友人から聞いた話。友人の会社の取引先で、とある設備に投資することになったらしい。で、工事業者から見積りをとって稟議を上げたところ、オーナー会社の方から待ったがかかったという。金額が高いというのだ。
取引先の会社はいわゆる業務委託会社で、本来ならば資本的支出に当たるようなことは行うべきことではない。とはいえ、ほぼすべてを任されているようなものなので、設備投資的なものもオーナーに稟議を上げて承認をとっている。だから稟議を上げたあとでアレコレ出てくることがたまにあるらしい。
業務委託はその契約内容にもよるが、基本的にはオペレーションを請け負う場合が多い。設備や建物などの維持管理はオーナーの仕事である。これはテナントで入っている店を考えればよく分かる。営業上必要な器具備品はテナントで入っている店が持つが、空調や水まわり、それから躯体に関わることは普通はオーナーが責任を持って行うものだ。テナントは「エアコンが効かないんだけど」とかオーナーに言えばいいだけだ。
友人の取引先の会社も、本来あるべき姿はそうなのである。

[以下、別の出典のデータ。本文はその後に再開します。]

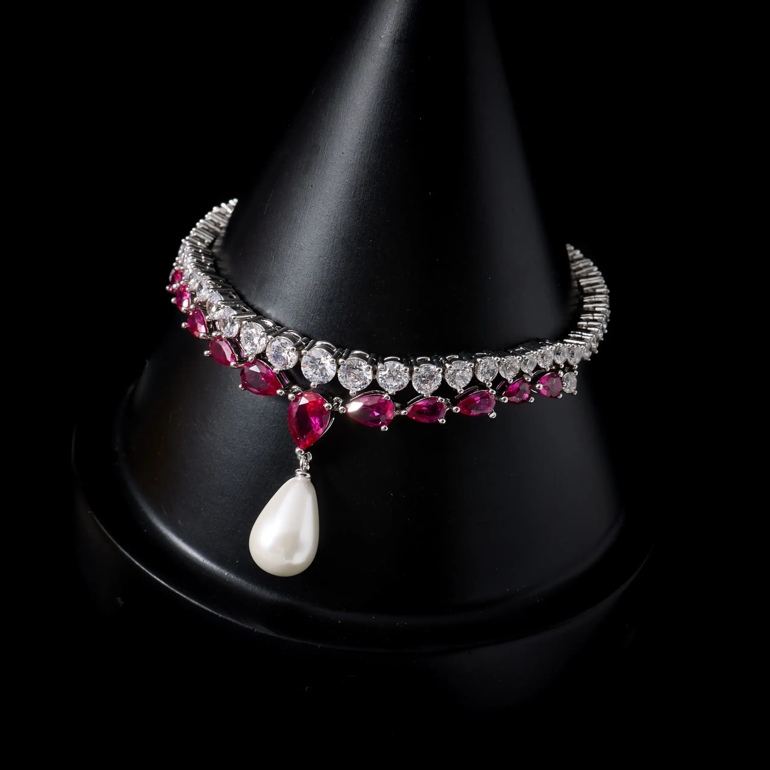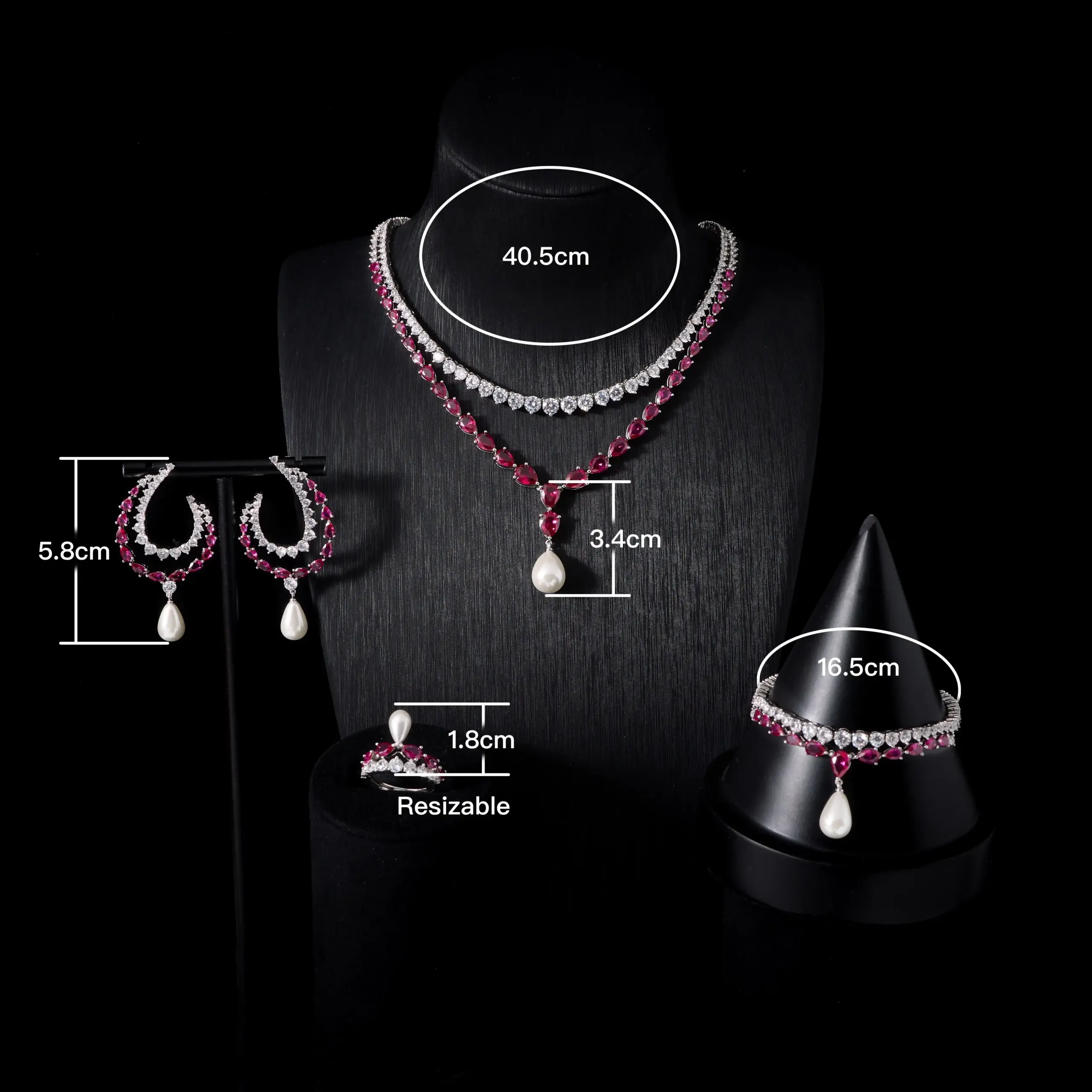 Conjunto de Joyería Nupcial de Cristal TIRIM para Mujer, Collar, Aretes y Pulsera con Circonitas, Ideal para Bodas y Damas de Honor.

躯体工事などの資本的支出に当たる場合はオーナーが責任をもって行うべき話だ。そのような責任を放棄し、業者を探して申請したら「高い」というなんてもってのほかではないのか。
とか言っていたらしい。話は筋が通っているが、裏を返せば「拒否されたのが腹立たしい」だけという話でもある。もしそのタテマエを通したいのであれば全てその手続に変えるべきだし、そうでなかったら今までどおりもう一度業者に当たって値段交渉するしかない。実務上の答えは簡単なのである。文句が言いたかっただけなんだろうなーと思った。